We will implement a collaborative recommendation system to assist users in finding similar games that may interest them. By utilizing a collaborative filtering system, we can use historical review information to determine whether a product might interest one of our customers. We will experiment with two approaches to determine which application would be better for an e-commerce implementation.  
  
Our first approach will implement memory-based collaborative filtering, which utilizes the collective review information of other users to find similar games. We’ll be implementing both item-item and user-item methods to determine which provides a better result for our users. These two methods offer predictions based on what similar users like and what users who like a particular game are likely to enjoy. We’ll use several distance measurement algorithms to determine which provides a more accurate recommendation such as: cosine similarity, Pearson Correlation, and K-nearest neighbors. The models created using these methods should perform fastest while providing acceptable accuracy.  For our model-based collaborative filtering, we will train a few machine learning (ML) algorithms to make recommendations and find similar games. Our project will focus on utilizing matrix factorization algorithms to make this determination but will be looking to implement a deep learning approach given the time. The process of applying different ML algorithms is fairly simple, so we’ll be looking to implement the most we can: SVD, PMF, and NMF, then compare our results with the memory-based results.  
  
  Our second approach to creating a recommendation system for our games library is by implementing a content-based filtering system utilizing natural language processing and available user reviews. This process will use a vectorized matrix of user reviews to find games that have been reviewed in a similar way. We can implement many of the techniques from our memory-based collaborative filtering process into this one and measure performance across each of our distance-measuring algorithms.  We can utilize a standard train-test methodology from many of the of the models we will be implementing while cross referencing our suggested games with user-rated games.  We also have user information in our data set as to whether they would make a recommendation for the game they are reviewing.  We can utilize this data in testing our results accuracy. 

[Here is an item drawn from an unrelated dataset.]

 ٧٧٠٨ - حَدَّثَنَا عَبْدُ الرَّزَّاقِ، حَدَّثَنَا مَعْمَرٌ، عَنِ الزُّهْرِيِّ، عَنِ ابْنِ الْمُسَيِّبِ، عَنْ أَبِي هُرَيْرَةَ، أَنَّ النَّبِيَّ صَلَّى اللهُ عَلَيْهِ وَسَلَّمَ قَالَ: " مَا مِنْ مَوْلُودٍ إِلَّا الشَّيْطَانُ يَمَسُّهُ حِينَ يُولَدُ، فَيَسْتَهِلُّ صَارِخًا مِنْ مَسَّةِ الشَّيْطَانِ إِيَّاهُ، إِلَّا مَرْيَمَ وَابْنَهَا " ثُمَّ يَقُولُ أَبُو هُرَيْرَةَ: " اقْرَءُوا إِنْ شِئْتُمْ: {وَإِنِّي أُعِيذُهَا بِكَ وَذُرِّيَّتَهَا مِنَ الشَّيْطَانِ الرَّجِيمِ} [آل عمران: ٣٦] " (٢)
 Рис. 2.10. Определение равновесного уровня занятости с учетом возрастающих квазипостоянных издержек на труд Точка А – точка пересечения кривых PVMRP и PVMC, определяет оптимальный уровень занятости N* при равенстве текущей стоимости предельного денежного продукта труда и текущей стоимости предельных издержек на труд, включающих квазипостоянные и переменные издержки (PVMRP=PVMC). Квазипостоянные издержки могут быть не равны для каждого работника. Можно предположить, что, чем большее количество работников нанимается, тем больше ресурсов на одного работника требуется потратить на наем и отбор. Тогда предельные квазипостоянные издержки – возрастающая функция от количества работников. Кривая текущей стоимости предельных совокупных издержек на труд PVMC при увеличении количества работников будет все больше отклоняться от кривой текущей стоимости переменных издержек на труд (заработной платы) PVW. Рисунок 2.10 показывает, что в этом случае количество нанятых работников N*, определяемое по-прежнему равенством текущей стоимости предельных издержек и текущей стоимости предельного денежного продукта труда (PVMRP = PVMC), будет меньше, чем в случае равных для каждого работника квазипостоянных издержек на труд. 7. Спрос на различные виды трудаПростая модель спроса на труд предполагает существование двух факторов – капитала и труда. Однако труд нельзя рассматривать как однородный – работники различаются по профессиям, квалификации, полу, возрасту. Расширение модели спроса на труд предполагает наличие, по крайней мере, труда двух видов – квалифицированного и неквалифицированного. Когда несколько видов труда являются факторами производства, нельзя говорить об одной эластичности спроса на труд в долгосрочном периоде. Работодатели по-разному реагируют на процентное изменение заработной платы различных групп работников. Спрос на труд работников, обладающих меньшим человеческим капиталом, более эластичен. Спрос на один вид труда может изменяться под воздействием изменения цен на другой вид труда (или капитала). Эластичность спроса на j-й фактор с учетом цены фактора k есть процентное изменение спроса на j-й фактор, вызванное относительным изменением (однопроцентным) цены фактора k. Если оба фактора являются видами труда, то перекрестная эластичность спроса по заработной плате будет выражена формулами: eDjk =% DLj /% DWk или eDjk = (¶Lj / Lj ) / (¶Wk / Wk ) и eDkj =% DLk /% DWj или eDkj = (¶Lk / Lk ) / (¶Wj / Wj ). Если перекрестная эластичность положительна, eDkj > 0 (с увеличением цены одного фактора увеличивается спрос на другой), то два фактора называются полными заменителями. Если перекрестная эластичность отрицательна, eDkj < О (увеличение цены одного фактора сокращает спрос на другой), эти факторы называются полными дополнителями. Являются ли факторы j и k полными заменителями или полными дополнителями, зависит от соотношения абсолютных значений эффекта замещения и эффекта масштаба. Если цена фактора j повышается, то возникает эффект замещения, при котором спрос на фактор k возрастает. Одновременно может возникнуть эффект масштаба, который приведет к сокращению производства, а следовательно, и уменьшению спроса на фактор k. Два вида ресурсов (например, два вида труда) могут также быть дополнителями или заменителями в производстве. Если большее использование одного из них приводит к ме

#### What do you hope to learn?

We hope to learn consumers’ interests and buying patterns which can help our company optimize revenue by focusing resources on developing games customers will more likely enjoy.  Additionally, we intend to learn appropriate methods to develop recommendation systems for alternative enterprises and future outsourcing.  Finally, while going through this process, we expect to learn data from our models that can be used for other points of interest for the company and our personal career development.

#### Are there any risks or ethical implications with your proposal?

Fortunately, all of the personal information of each individual review has been stripped from the data provided from the Steam API.  Instead of the actual user’s profile information, a review_id value is used instead.  However, the comments may contain personal or sensitive information which will be appropriately handled or removed to ensure the safety and security of all users.  Besides potential user-provided information, there are no additional risks or ethical concerns within this project.  

#### What is your contingency plan?

In the event that our findings aren’t conclusive, our dataset proves too massive to work with, or our data doesn’t express a proper recommendation system as intended, we have collected another dataset to use instead.  This database revolves around used cars posted to Craigslist and would have a similar strategy to our current proposal.  We would use the dataset to review models for recommendations for users based upon their interests and preferences.  From that information, we would predict cars that users would be interested in while also being local to their respective area based on the information from the dataset.  All parties have agreed that if our project doesn’t appear feasible by the end of week 3, we will be shifting gears to this alternative to salvage the time we have remaining.

#### Additional important information

As the project progresses, we plan to implement a deep learning algorithm if we are able to add it into the scope; at the moment, we anticipate our limited time will be a factor that prevents us from doing so.  With a deep learning algorithm, we would be able to enhance our accuracy and predict better recommendations for our users.  

### Milestone 3: Preliminary Analysis

#### Will I be able to answer the questions I want to answer with the data I have?

The data are proving to be far more time-consuming than initially expected.  Nevertheless, the data should be more than capable of providing a model of a working recommendation system that can suggest games to users based on their game preference.  Additionally, our team has utilized a supplemental dataset to create alternative options for our recommendations.

#### What visualizations are especially useful for explaining my data?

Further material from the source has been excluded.